= Forward-confirmed reverse DNS =

Network parameter configuration

Forward-confirmed reverse DNS (FCrDNS), also known as full-circle reverse DNS, double-reverse DNS, or iprev, is a networking parameter configuration in which a given IP address has both forward (name-to-address) and reverse (address-to-name) Domain Name System (DNS) entries that match each other. This is the standard configuration expected by the Internet standards supporting many DNS -reliant protocols. David Barr published an opinion in RFC 1912 (Informational) recommending it as best practice for DNS administrators, but there are no formal requirements for it codified within the DNS standard itself.

A FCrDNS verification can create a weak form of authentication that there is a valid relationship between the owner of a domain name and the owner of the network that has been given an IP address. While weak, this authentication is strong enough that it can be used for whitelisting purposes because spammers and phishers cannot usually by-pass this verification when they use zombie computers for email spoofing. That is, the reverse DNS might verify, but it will usually be part of another domain than the claimed domain name.

Using an ISP's mail server as a relay may solve the reverse DNS problem, because the requirement is the forward and reverse lookup for the sending relay have to match, it does not have to be related to the from-field or sending domain of messages it relays.

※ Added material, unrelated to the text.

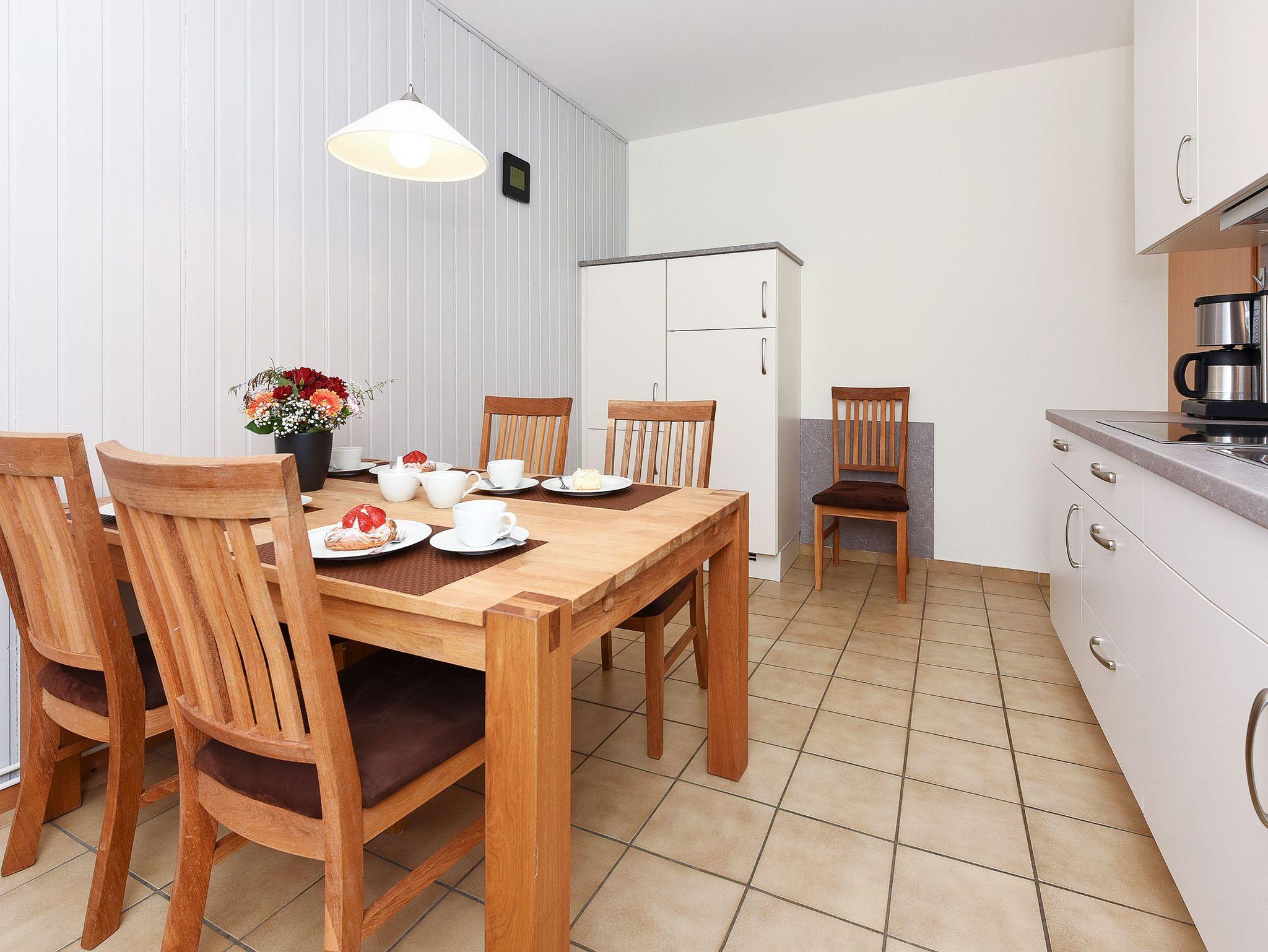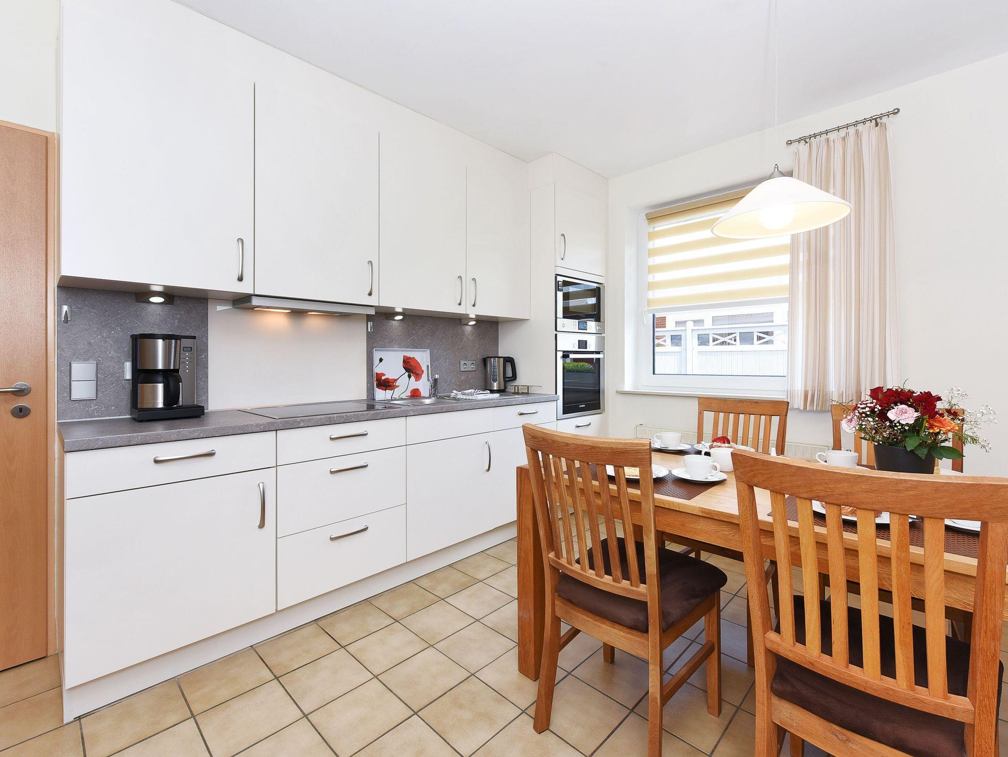 Unsere Wohnung „unten“ hat eine Terrasse. Ein schöner großer Garten steht Ihnen ebenfalls zur Verfügung. Natürlich gibt es in allen Wohnungen voll ausgerüstete moderne Einbauküchen und alles, was man überhaupt im Urlaub benötigen könnte. Jede Wohnung verfügt über eine Mikrowelle, Geschirrspüler ist in der größeren Wohnung vorhanden und Waschmaschine sowie Wäschetrockner stehen für Sie im Waschraum zur Verfügung.

Other methods for establishing a relation between an IP address and a domain in email are the Sender Policy Framework (SPF) and the MX record.

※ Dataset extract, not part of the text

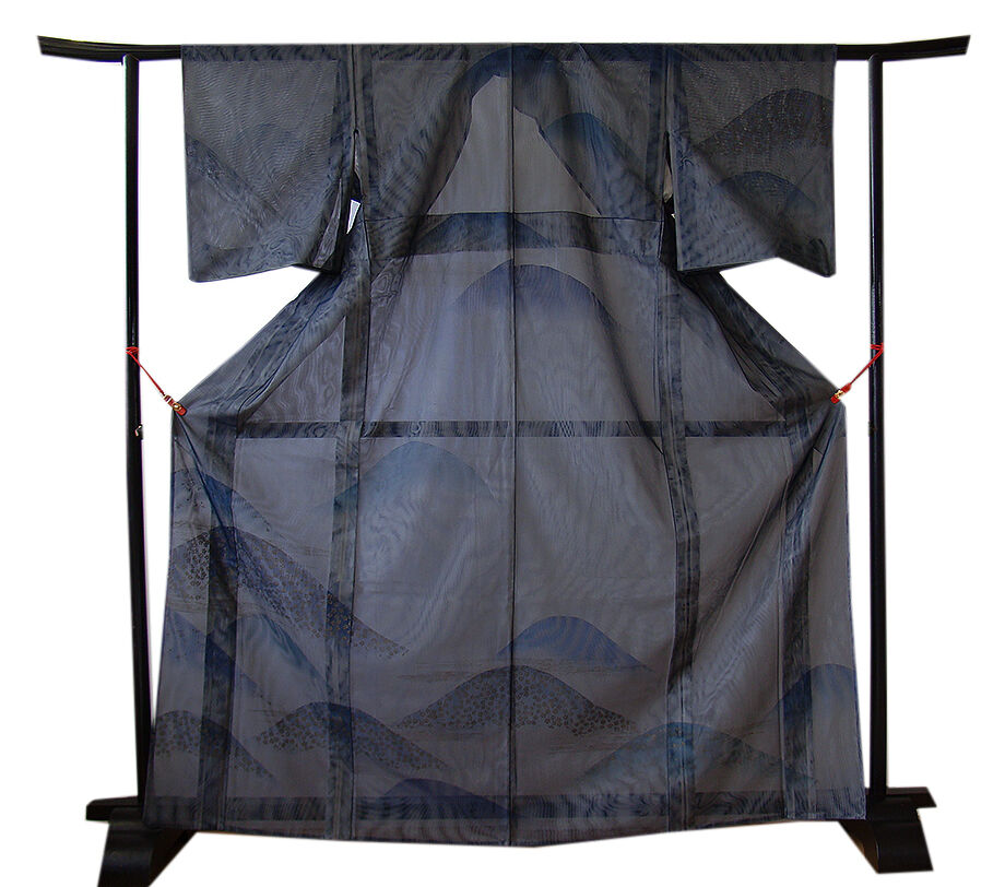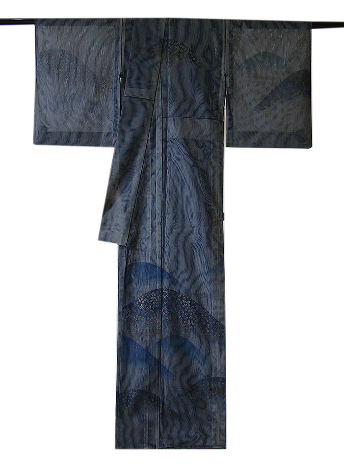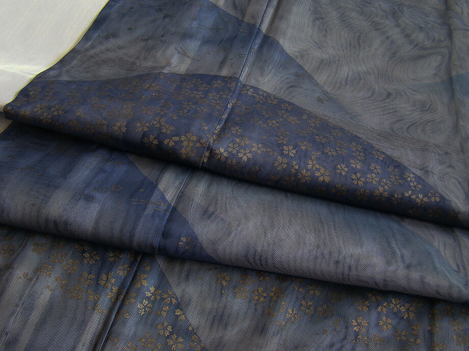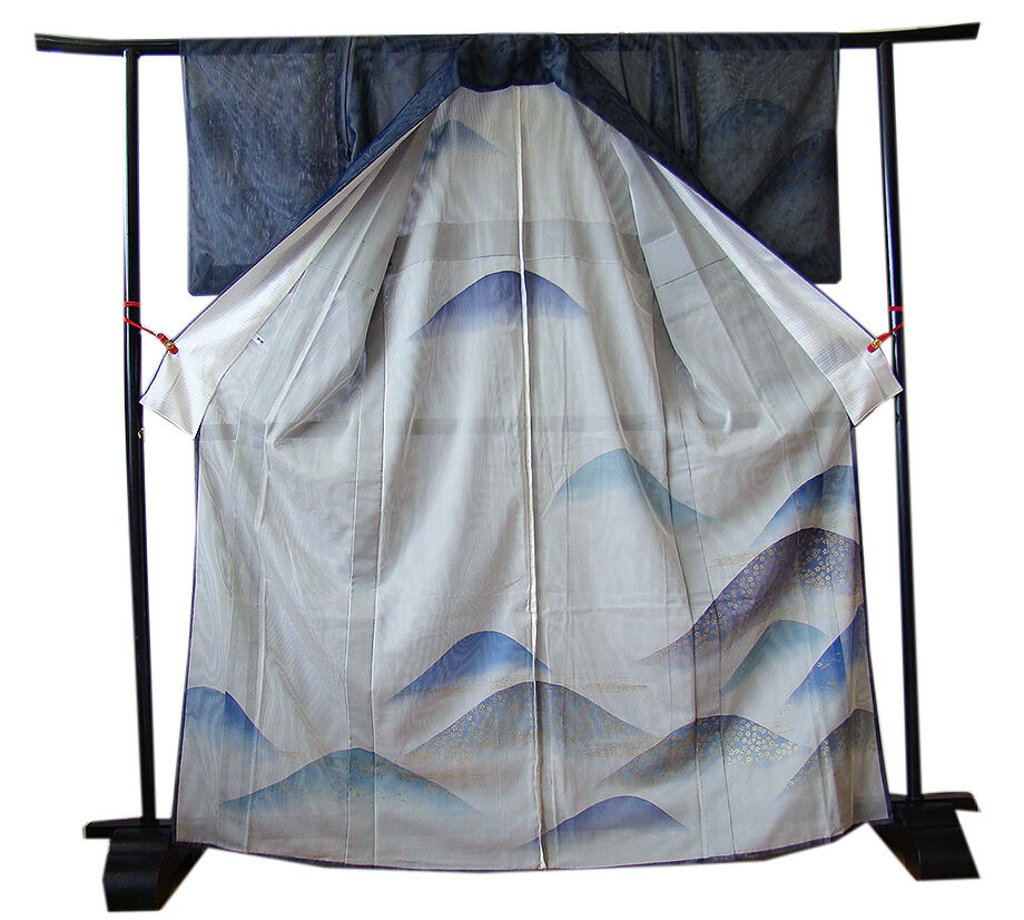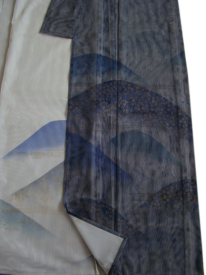 | 商品説明 | こちらのお品は「二重紗」ですので、5月、6月、7月、9月にお召頂ければと思います。 とてもしなやかなさらっとした手触りの涼やかで柔らかな風合いの二重に施された 透ける素材が2枚重なり合った「二重紗」の生地の訪問着、 表地は紺色地の無地、 裏地は灰色地に遠山柄に花の金彩染柄、 ※申し訳ございませんが二重紗のお直しは承っておりません。 |

ISPs that will not or cannot configure reverse DNS will generate problems for hosts on their networks, by virtue of being unable to support applications or protocols that require reverse DNS agree with the corresponding A (or AAAA) record. ISPs that cannot or will not provide reverse DNS ultimately will be limiting the ability of their client base to use Internet services they provide effectively and securely.

==Applications==
- Most e-mail mail transfer agents (server software) use a FCrDNS verification and if there is a valid domain name, put it into the "Received:" trace header field.
- Some e-mail mail transfer agents will perform FCrDNS verification on the domain name given on the SMTP HELO and EHLO commands.
- The Sender Policy Framework email anti-forgery system uses a FCrDNS check in its "ptr:" mechanism. However, the use of this "ptr:" mechanism is discouraged since the first standardization of SPF in 2006 (in RFC 4408).
- Some e-mail spam filters use FCrDNS checks as an authentication method for domain names or for whitelisting purposes, according to RFC 8601, for example.
- SpamCop uses the FCrDNS check, which sometimes causes problems for SpamCop users who are also customers of Internet service providers who do not provide properly matching DNS and rDNS records for mail servers.
- Some FTP, Telnet and TCP Wrapper servers perform FCrDNS checks.
- Some IRC Servers perform FCrDNS checks to prevent abuse.